As conclusões vêm de dois
estudos independentes, feitos
por pesquisadores americanos
com base em dados dos satélites Terra e Aqua, da Nasa
(agência espacial dos EUA).
Um deles monitorou as queimadas no mundo inteiro entre
2000 e 2005 para saber que regiões do planeta queimam
mais, e em que épocas do ano. O
outro olhou para o arco do desmatamento amazônico (principalmente o norte de Mato
Grosso) nesse mesmo período,
para saber o que queima.
A primeira pergunta foi respondida por Louis Giglio, pesquisador do Centro Goddard de
Vôo Espacial, da Nasa. Num artigo científico a ser publicado
no periódico "Journal of
Geophysical Research", ele
montou o primeiro mapa global de intensidade de fogo. A região que
mais concentra pixels (pontos)
de calor em seu mapeamento é
a do arco do desmatamento.
"A densidade de pixels de fogo detectada nessa localidade é
duas vezes maior que em qualquer outro lugar do mundo",
escreve o cientista. E explica:
"Essa é uma região de intensa
conversão da cobertura vegetal, na qual a floresta tropical
vem sendo rapidamente transformada em pasto, com queima
subseqüente da floresta".
O estudo é inovador porque
usa os sensores Modis, a bordo
do Terra e do Aqua, especialmente construídos para detectar focos de calor. Os outros satélites não serviam para a tarefa. "Era como tentar pesar um
elefante com uma balança de
banheiro",compara Giglio.
Além disso, o mapa montado
por ele e dois colegas é o primeiro a captar queimadas de
dia e de noite -hoje as detecções de fogo só usam imagens
noturnas, o que é um problema,
porque a maior parte do planeta, inclusive no arco do desmatamento, as queimadas acontecem durante o dia.
"[O estudo] parece ser um
grande passo adiante", disse à
Folha Greg Asner, especialista
em sensoriamento remoto da
Universidade Stanford.
Lenha na fogueira
O outro estudo, liderado por
Douglas Morton, da Universidade de Maryland em College
Park, mostrou que o que mais
queima na região do mundo
que mais queima é floresta:
60% dos focos de calor detectados em Mato Grosso no período 2000-2005 vêm de queimadas para desmatamento.

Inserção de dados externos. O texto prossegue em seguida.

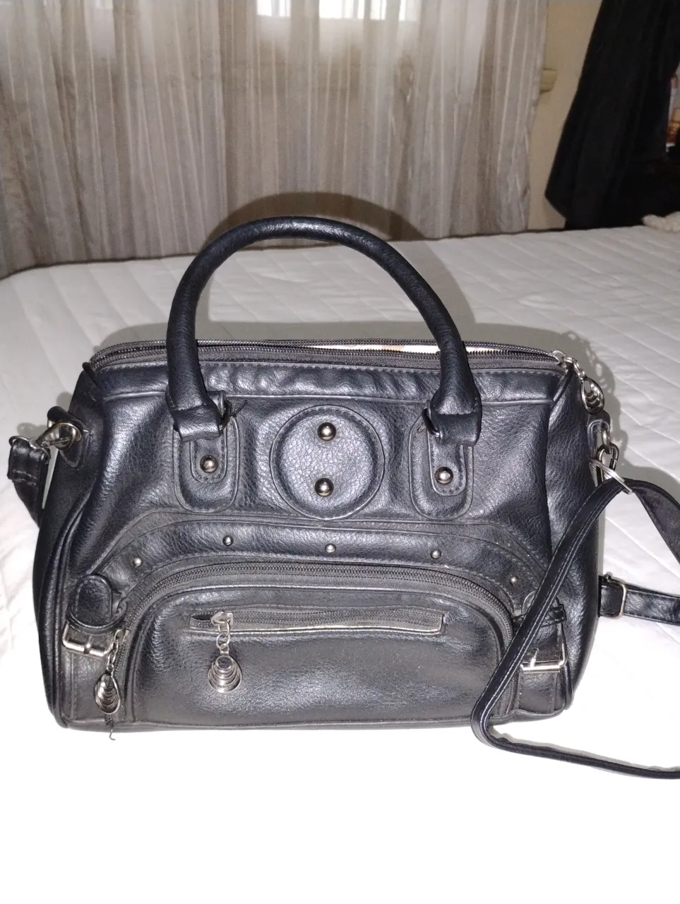 Bolso negro de cuero sintético, con múltiples compartimentos y cierres. Tiene manijas cortas y una correa larga desmontable. Ideal para el día a día o para salir.

Morton, 29, que conduz pesquisas no Brasil há sete anos,
admite em português fluente
que seus dados são preliminares. Mas sabe que seu estudo
deve fazer barulho, porque até
agora achava-se que a maior
parte dos focos de calor detectados por satélite correspondesse a queima de pasto ou de
resíduos de colheita em áreas
previamente desmatadas.
"Isso muda completamente o
nosso entendimento sobre o
tema", disse Paulo Artaxo, especialista em química atmosférica da USP e um dos líderes do
LBA (Experimento de Grande
Escala da Biosfera/Atmosfera
na Amazônia), após assistir a
uma apresentação de Morton
no último dia 12, em Brasília.
"Nós achávamos que cerca de
70% dos focos de calor viessem
de queimadas agrícolas. Mas
era uma percepção, não um resultado", disse Artaxo.

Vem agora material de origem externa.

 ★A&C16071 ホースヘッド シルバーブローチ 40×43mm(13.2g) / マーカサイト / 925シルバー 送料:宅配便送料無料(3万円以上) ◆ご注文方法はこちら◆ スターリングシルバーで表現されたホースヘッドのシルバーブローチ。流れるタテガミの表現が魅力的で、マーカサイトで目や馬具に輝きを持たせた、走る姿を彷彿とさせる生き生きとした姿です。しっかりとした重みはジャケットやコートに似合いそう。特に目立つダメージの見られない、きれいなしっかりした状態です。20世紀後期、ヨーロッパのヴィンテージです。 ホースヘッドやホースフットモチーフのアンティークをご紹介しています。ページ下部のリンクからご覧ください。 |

Tanto que os cientistas fazem questão de distinguir desmatamento de queimadas. Até
agora, não era possível associar
os focos de calor à derrubada.
Duplo registro
Para tentar separar o que é
prática agrícola do que é derrubada, Morton recheou de matemática sofisticada um raciocínio simples: madeira demora
mais do que capim para queimar. Portanto, se um mesmo
campo é visto pelo satélite
queimando mais de uma vez
em um ano, o foco de calor associado dificilmente corresponde a uma queima de pasto.
A madeira de uma mata recém-derrubada, em compensação,
passará meses ou anos queimando antes de a terra ser convertida para a agropecuária.
Os satélites Terra e Aqua
têm, no entanto, um viés: como
eles só passam duas vezes por
dia sobre uma mesma área, tendem a perder algumas queimadas de pasto, rápidas e feitas no
fim da tarde. Isso pode alterar
os resultados da análise -daí a
cautela de Morton. "Mas eu
ainda acho que o dado é conservador", diz o americano.